4. Financial health of DISCOMS
Bailing out DISCOMS time and again won’t be sustainable for both the State and Central government. Although the Electricity Amendment Bill, 2020 is a step in the positive direction, the states need to be given the power to legislate and implement its variation to the Bill. This will enable in addressing the electricity production and distribution crisis at the local level and prevent inefficiencies.

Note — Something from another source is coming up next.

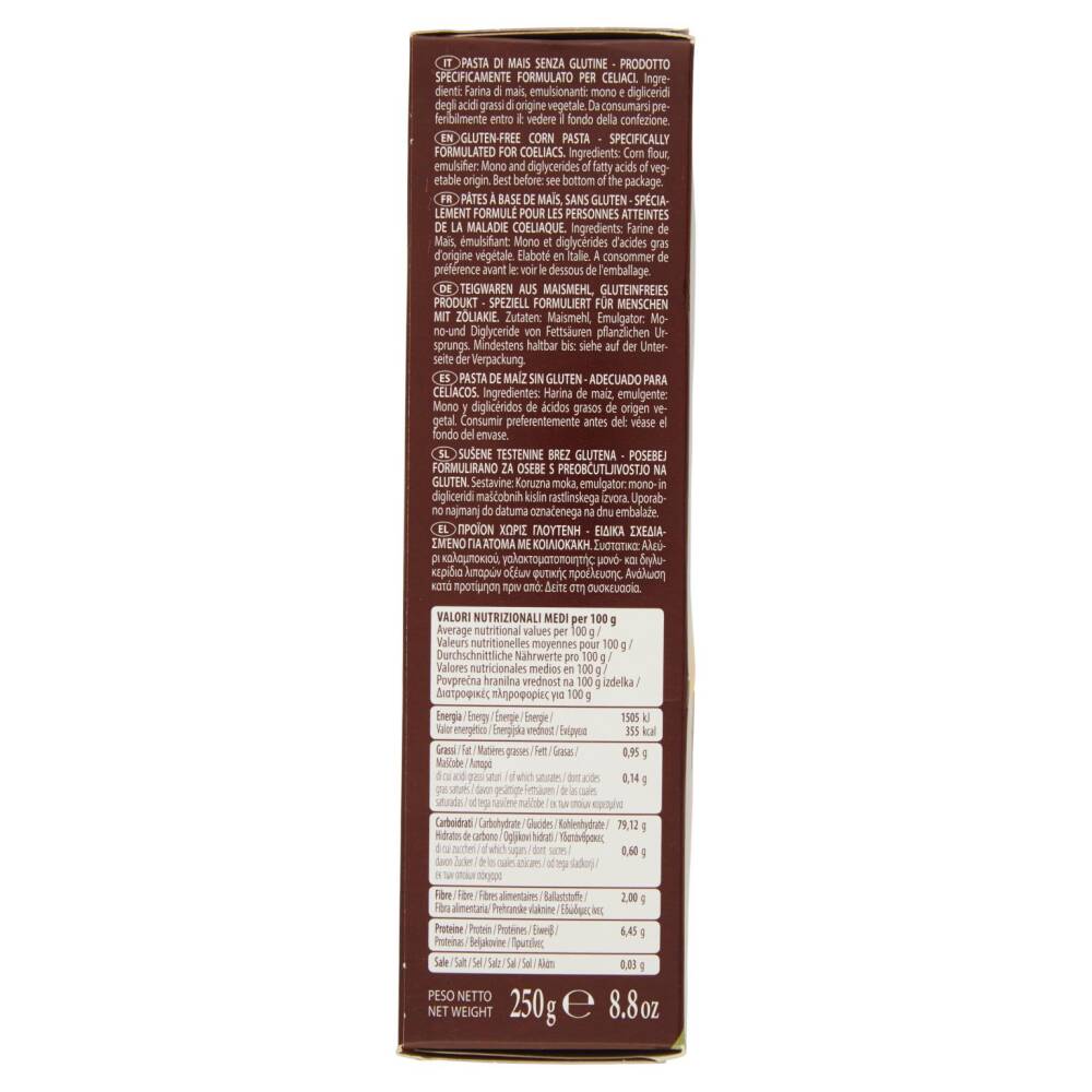 Da sempre, pasta di solo mais Senza Glutine Con pochi grassi Product of Italy Senza uova e lattosio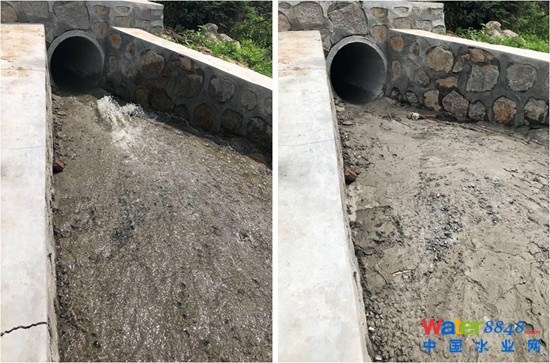 天鵝灣社區(qū)附近何家溝沿岸排污口突然斷流,20分鐘內(nèi)排污口對(duì)比圖。 (余璐 攝)

5. Renewable Purchase Obligations (RPO’s)
A RPO mandates DISCOMS to buy at least some portion of their total electricity requirement from renewable energy sources. For 2019-20, only four States have managed to meet and exceed their RPO’s. There was a uniform RPO mandate created by the Power Ministry for all States and Union Territories for 2018-19, the targets set were 17.50 per cent (with 7.25 per cent from solar and 10.25 per cent from non-solar). However, India only managed to achieve 10.77 per cent of this target. The states, in order to ensure compliance, need to put together a mechanism to penalise DISCOMS and enforce timely payment of violation fees. Subsidies can also be provided to both public and private DISCOMS to steadily increase their RPO’s, even more than the targets set by the state government in order to create a competitive environment and ensure faster uptake of renewables.

The way ahead

India is at the cusp of transformation when it comes to sourcing, distribution and consumption of energy. The country will have to take some disruptive measures such as the use of alternative materials for energy storage, combination of renewable and coal-based power generation and adoption of smart grid technologies to enable faster uptake of clean energy. Lastly, the importance of policy measures and implementation cannot be discounted. An example of the same would be Import Substitution Policies (ISP’s) which will enable the indigenisation of new technologies and an adoption of a revised tariff structure on thermal based power generation. India with its abundant availability of solar, wind and hydropower definitely has the potential to become a major renewable energy economy.